Timur was Leo’s closest colleague and friend. The friendship they’d developed was of an understated kind. They didn’t drink together, banter, or talk very much except about work-a partnership typified by long silences. To cynics there was reason to suppose resentment in their relationship. Almost ten years younger, Leo was now Timur’s superior, despite the fact that he’d previously been his subordinate, always formally addressing him as General Nesterov. Objectively Leo had benefited more from their joint success. People had insinuated that he was a profiteer, individualistic and career-minded. But Timur showed no jealousy. The issue of rank was incidental. He was proud of his job. His family was provided for. In moving to Moscow he’d finally, after languishing on waiting lists, been appointed a modern apartment with running hot water and a twenty-four-hour electricity supply. No matter how their relationship might outwardly seem, they trusted each other with their lives.

Timur gestured toward the main factory floor where the towering Linotype machines stood, giant mechanical insects:

– The sons have arrived.

– Bring them in.

– With their father’s body in the room?

– Yes.

The sons had been allowed to leave, sent home by the militia before Leo could question them. He would apologize that they had to see their father’s body again but he had no intention of trusting secondhand information passed to him by the militia.

Summoned, Vsevolod and Akvsenti-both in their early twentiesappeared at the door, side by side. Leo introduced himself:

– I’m Officer Leo Demidov. I understand this must be difficult.

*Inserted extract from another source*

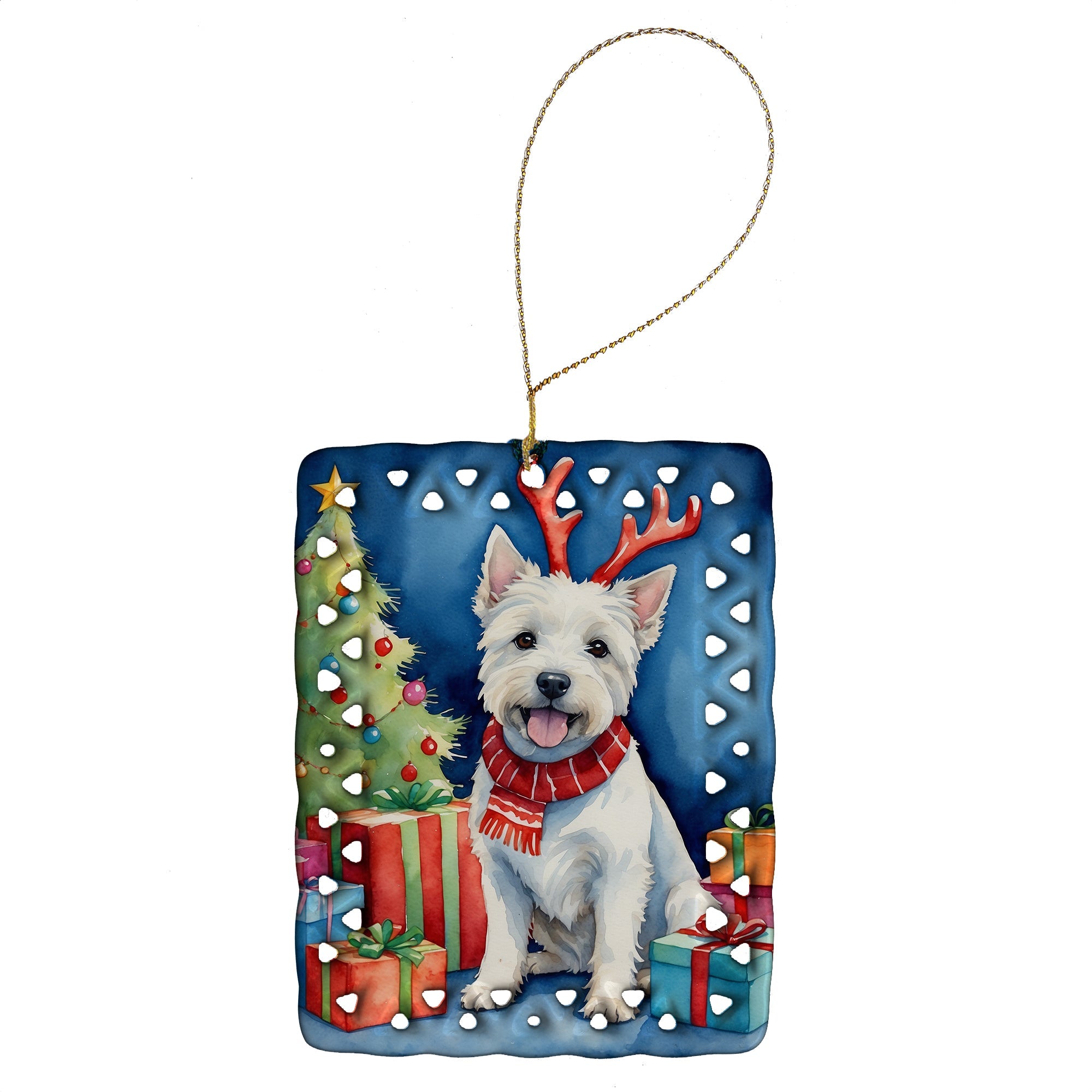 Porcelain Ornament featuring breed specific West Highland White Terrier artwork. Celebrate Christmas with this Christmas Ornament. Add a unique, personal touch to your holiday decor with our Rectangular Lattice Porcelain Ornament. Perfect for creating cherished memories, this high-quality ornament shines under festive lights, reflecting warmth and joy throughout your Christmas tree. Crafted with a glossy finish, it showcases vibrant, full-color artwork contributed by our talented artists, ensuring your tree is adorned with a burst of color and holiday spirit. What sets this Porcelain Ornament apart is its customizable white back. Use a paint pen or permanent marker to write a heartfelt message, commemorate a special year, or mark an unforgettable date, turning this ornament into a keepsake that will be treasured for years to come. For best results, allow any personalization to dry thoroughly before handling. Each ornament comes complete with a delicate gold cord, making it easy to hang and display. Proudly made in the USA, this ornament measures 3.375 x 2.625 inches and is a thoughtful gift for pet sitters, teachers, family members, or anyone who would appreciate a little extra holiday magic. Bring style, charm, and a touch of personal meaning to your Christmas tree with this beautifully designed ornament..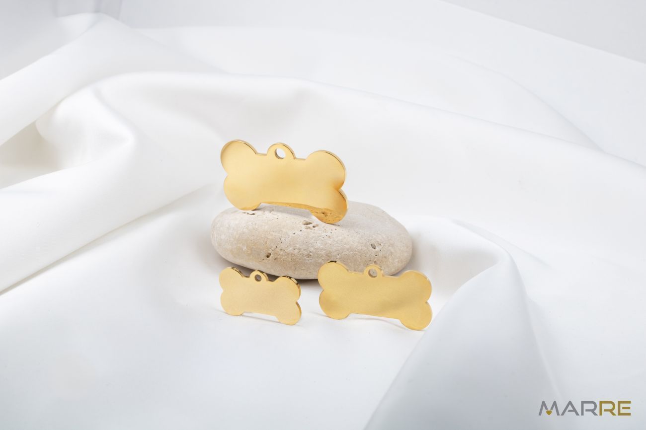 Hledáte stylový způsob, jak ozdobit a zároveň identifikovat svého nejlepšího přítele? Naše ocelové psí známky jsou tím pravým řešením! Praktická a stylová psí známka z chirurgické oceli ve tvaru kosti je ideální volbou pro každého mazlíčka. Je lehká, odolná a díky hladkému povrchu vhodná pro gravírování jména, telefonu nebo jiné identifikace.

Neither of them looked at their father’s body, keeping their eyes on Leo. The older son, Vsevolod, spoke:

– We answered the militia’s questions.

– My questions won’t take long. Is this room as you found it this morning?

– Yes, it’s the same.

Vsevolod was doing all the talking. Akvsenti remained silent, his eyes occasionally flicking up. Leo continued:

– Was this chair at the table? It might have been knocked over, in the struggle perhaps?

– The struggle?

– Between your father and the killer?